The current healthcare environment is overwhelming staff and caregivers with constant streams of information. Identifying priority messages is becoming a greater challenge. The present disclosure reveals that predictive analytics can automate message prioritization. Identified messages may then be presented to caregivers or staff in simple, elegant notifications. Staff and caregivers may be able to identify the most valuable work quickly, so that they can complete it within the set of activities each shift. The network effect of completing high-value work first frees up beds and accelerates treatment times. It also reduces the waiting time for non-prioritized batched activity. Streamlining message prioritization, transmission and other functions may reduce the communication network load by reducing redundant or unnecessary communications.

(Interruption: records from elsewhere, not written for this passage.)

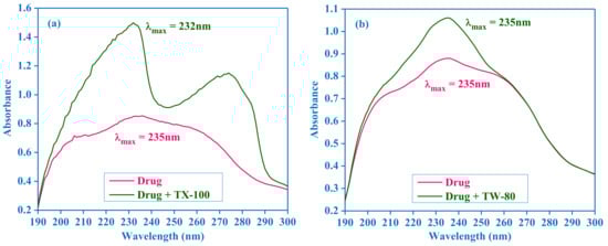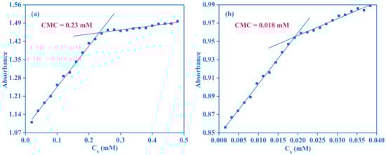Drug absorbance increases rapidly in the post-micellar region up until CMC and then gradually drops when the drug is fully incorporated into the micelle, as shown in Figure 2. However, because more drug molecules are absorbed by freshly formed micelles, absorbance might occasionally increase slowly even after CMC [35]. The typical CMC values of TX-100 and TW-80 in water are 0.2 mM [36,37] and 0.015 mM [38], respectively. The CMC value is increased to 0.24 and 0.018, respectively, after CEF is added to the aqueous solution of TX-100 and TW-80. This is because of the structure-breaking effect of CEF, which destroys water structure and increases entropy, rendering the micellization entropically unfavorable and increasing CMC [39].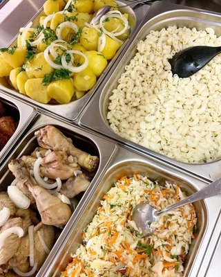 Кухня предоставлена в общее пользование. Кроме того, возможна доставка продуктов в номер. Есть буфет, подходящий для детей.
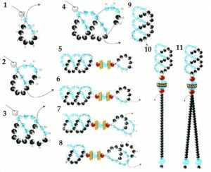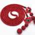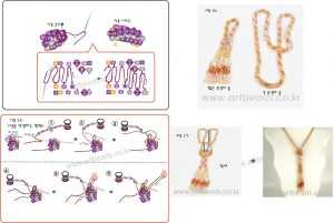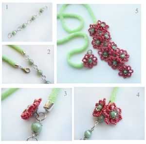 Начинаем крепить цветочки к готовому изделию. Вам необходимо сцепить друг с другом пять колечек и четыре бусинки. Чередуйте их друг с другом так, как показывает рисунок под номером № 1. Вы должны следить за тем, чтобы образованные колечки лежали в одной плоскости. Образовавшуюся цепь необходимо прикрепить к кончику жгута. А на другой край поместите маленький замок. Первый цветок приделайте к кольцу в том месте, где теперь находится замочек. После этого разместите все остальные красные заготовки в количестве девяти штук. На фото можно посмотреть этот подробный процесс по бисероплетению.

Exemplary embodiments will be described using the accompanying drawings. Figures are not always drawn to scale. The reference number’s left-most digit (s) identifies which figure the reference number appears first. The same reference numbers can be used in the drawings for the same or similar parts. Although examples and features of disclosed principles have been described, modifications, adaptations and other implementations can be made without departing from their spirit and scope. The words “comprising” and “having”,? ?having,? ?containing,? ?Including,??????????????????????????????containing?????????????????????????????. Other similar forms and words are meant to have the same meanings and be open-ended in that any item or items after any of these words isn’t meant to be an exhaustive list of such items or be restricted to only the item or items listed. The singular forms?a? and?an? are used in this document as well as the claims. ?an,? ?an,? If the context is clear, plural references are allowed.

FIG. “FIG. FIG. 1. are not meant to limit the disclosed embodiments. The components and arrangements shown in FIG.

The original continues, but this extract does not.